The Michael Palin Collection: 8 Classic Series

BBC Warner, $249.98

It's not everyone who gets to return to the scene of his own crucifixion and bloody demise. Sure, they say Jesus pulled it off, more or less, but frankly, that's old news. Far more relevant to today's armchair resurrectionist is the second coming of Michael Palin, whose endlessly fascinating post-Python peripatetics have allowed him to revisit the former set of Monty Python's Life of Brian, aka the Ribat, Monastir, Tunisia. (Palin's also a good deal wittier than the Nazarene, when you get right down to it.) Tunisia is just one stop on a global journey that has spanned nearly two decades and seven award-winning documentaries, all starring the terminally genial Brit-wit and all collected here on – holy fucking Christ! – 19 DVDs. Palin has always been game for anything, and his BBC-assigned jaunts are a plummy gig in any language, but our favorite is his bold attempt to traverse the fictional footsteps of Jules Verne's globe-trotting Phileas Fogg. Going Around the World in 80 Days was already a deucedly dangerous dare in 1873, when Verne's epic fiction was first published, but it proves even more preposterous in 1989. Eschewing air travel altogether, the hopelessly comic romantic instead finds himself at the mercy of byzantine Indian railway timetables, potentially treacherous Pacific sea voyages, and, most dangerous of all, American highways.

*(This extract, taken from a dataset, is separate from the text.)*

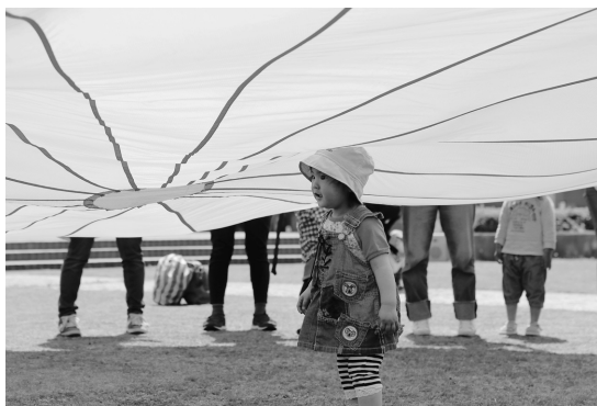
▲パラバルーンの中に入れたよ！

The odds against him completing such a venture in this modern world are ill-advised, and his Passepartout is less of a valet and more of a documentary film crew, but it's genius nonetheless. At this point, it's difficult to think of somewhere Palin hasn't been. He's like some elfin, Earl Grey-sipping Werner Herzog, minus the macho but not the Picchu (see Full Circle). In between traversing The New Europe (Sarajevo, Budapest, Albania, etc.) and voyaging, literally, Pole to Pole, the former Python's own brand of Boy's Own adventures develops a decidedly humanistic stride. Which is, of course, what makes these brilliantly staged megatravelogs so very edifying in the first place: Palin is ceaselessly curious about his fellow man, and he makes us curious, too.